Gitee Open Source project: gitee.com/dtstack_dev…

Table storage is a NoSQL data storage service. It is a distributed structured and semi-structured data storage and management service based on cloud computing technology.

The data model for table storage is centered on “two-dimensional tables”.

Tables have the concept of rows and columns, but unlike traditional databases, tables store sparse tables

Each row can have different columns, and attribute columns can be added or subtracted dynamically. When building a table, you do not need to define a strict schema for the attribute columns of the table. An overview,

For OTS data migration, use DataX to migrate full data. However, due to the large amount of data in some data tables, full migration cannot be completed in the specified time window. In addition, DataX can only query the range of primary key values, and does not support data extraction based on the range of attribute columns.

Therefore, full + incremental data migration can be implemented in the following two ways:

  • If the partition key contains range information (such as time information and self-increasing ID), the specified range is used as the point of sharding and the migration is performed in batches.
  • If the partition key does not contain range information, data can be migrated in batches in dual-write mode on the application side and written into the same service table in the target environment.
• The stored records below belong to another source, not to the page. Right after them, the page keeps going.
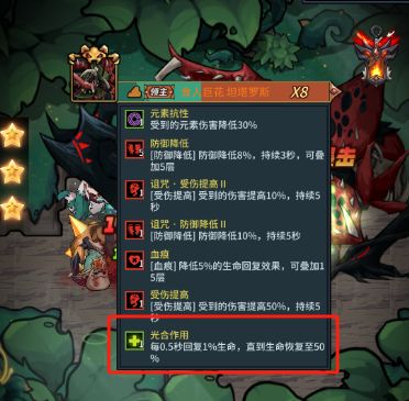 食人巨花自带30%的元素伤害降低buff,在生命值下降到一定血量的时候会触发“光合作用”增益buff,持续回血,玩家可以把爆发技能留着,待buff触发时使用。
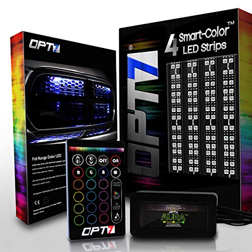 OPT7 Aura 4pc PRO LED Lighting Kit for Grille | 24" Multi-Color Strips w/SoundSync - Dimmer, Fade, Strobe, Sound-activated - Waterproof Peel'n'Stick Front Grill Valence
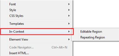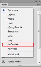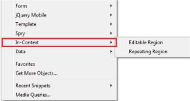 الخيار InContext editing في القائمة Insert، واللوحة Insert، والنقر بزر الماوس الأيمن فوق قائمة السياق (قبل Dreamweaver CC)

Based on the primary key uniqueness of OTS, the strategy of overwriting the original rows of repeated data is selected to ensure the data uniqueness.

In short, in short, we don’t produce data. At the moment, we are big data porters.

Next, this paper takes the application side adjustment to dual write mode as an example to explain the OTS data migration and verification process in detail.

OTS data migration process is shown in the figure below:

OTS data migration preparation

  • Pre-migration phase: Full migration of large tables in dual-write mode
  • Formal migration phase: Full migration of incremental tables in dual-write mode and full migration of other small tables

2. Pre-migration stage

1. Preparation

To ensure data consistency between the old and new environments, clear data from the OTS data table of the target environment before data migration. To Delete data from the OTS data table, use the DataX tool to Delete data from the table without creating a new table.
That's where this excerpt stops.